Print all of the records. Exclude the images.

--- Exercise input Enclosed Below ---

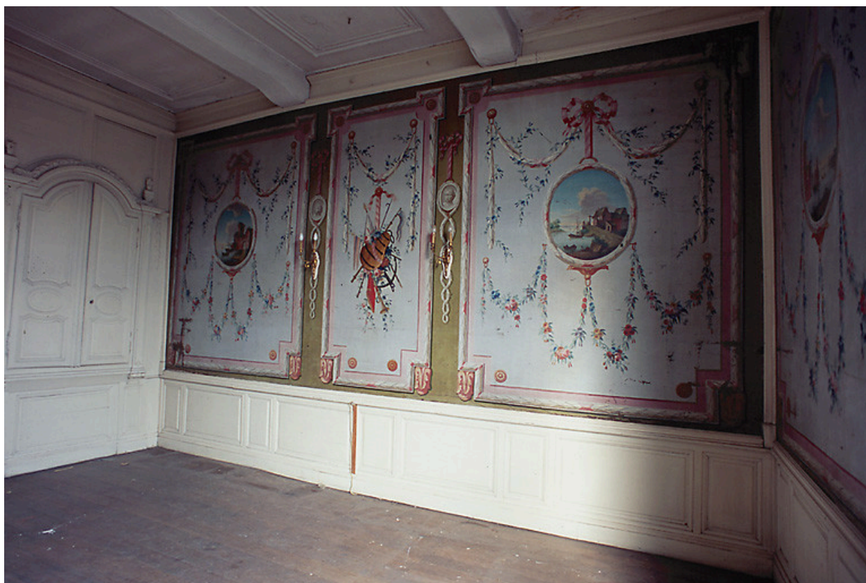
Intérieur, premier étage, salle nord-est dite salle des bateliers, vue partielle : toiles peintes.
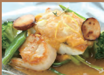
鯛とホタテのスケルトン包み 燻製バターと香味野菜の ビューレ 香草のアロマ(1人前) 1,800円
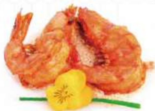
285 | OSAKA 4PZ gamberoni* croccanti con panko e aglio €10.00 ①②
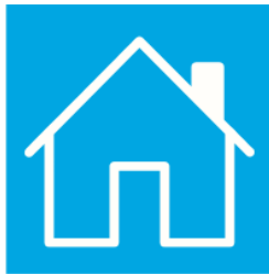
Hilfe bei Wohnungssuche
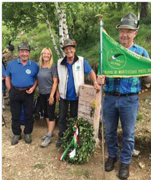
Il nostro Capogruppo con i gemellati di Vallarsa.

A malga Cheserle si è svolto l'alzabandiera e sono stati resi gli onori ai Caduti presso il cimitero austriaco, alla presenza dei vessilli delle Sezioni Alpine di Trento e Vicenza con i gagliardetti dei gruppi alpini di Vallarsa e dell'Alto Vicentino. I partecipanti sono poi saliti a piedi alla selletta del Monte Corno dove è stata celebrata la
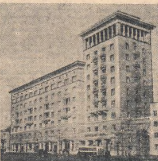
Москва. Новый дом на Садовой улице. (Новинский бульвар).
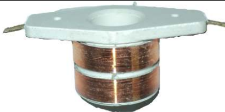
A-158 COLECTOR DE ALTERNADOR (17x30)

--- End of Enclosed Exercise input ---

# [Task solution]
Intérieur, premier étage, salle nord-est dite salle des bateliers, vue partielle : toiles peintes.
鯛とホタテのスケルトン包み 燻製バターと香味野菜の ビューレ 香草のアロマ(1人前) 1,800円
285 | OSAKA 4PZ gamberoni* croccanti con panko e aglio €10.00 ①②
Hilfe bei Wohnungssuche
Il nostro Capogruppo con i gemellati di Vallarsa.

A malga Cheserle si è svolto l'alzabandiera e sono stati resi gli onori ai Caduti presso il cimitero austriaco, alla presenza dei vessilli delle Sezioni Alpine di Trento e Vicenza con i gagliardetti dei gruppi alpini di Vallarsa e dell'Alto Vicentino. I partecipanti sono poi saliti a piedi alla selletta del Monte Corno dove è stata celebrata la
Москва. Новый дом на Садовой улице. (Новинский бульвар).
A-158 COLECTOR DE ALTERNADOR (17x30)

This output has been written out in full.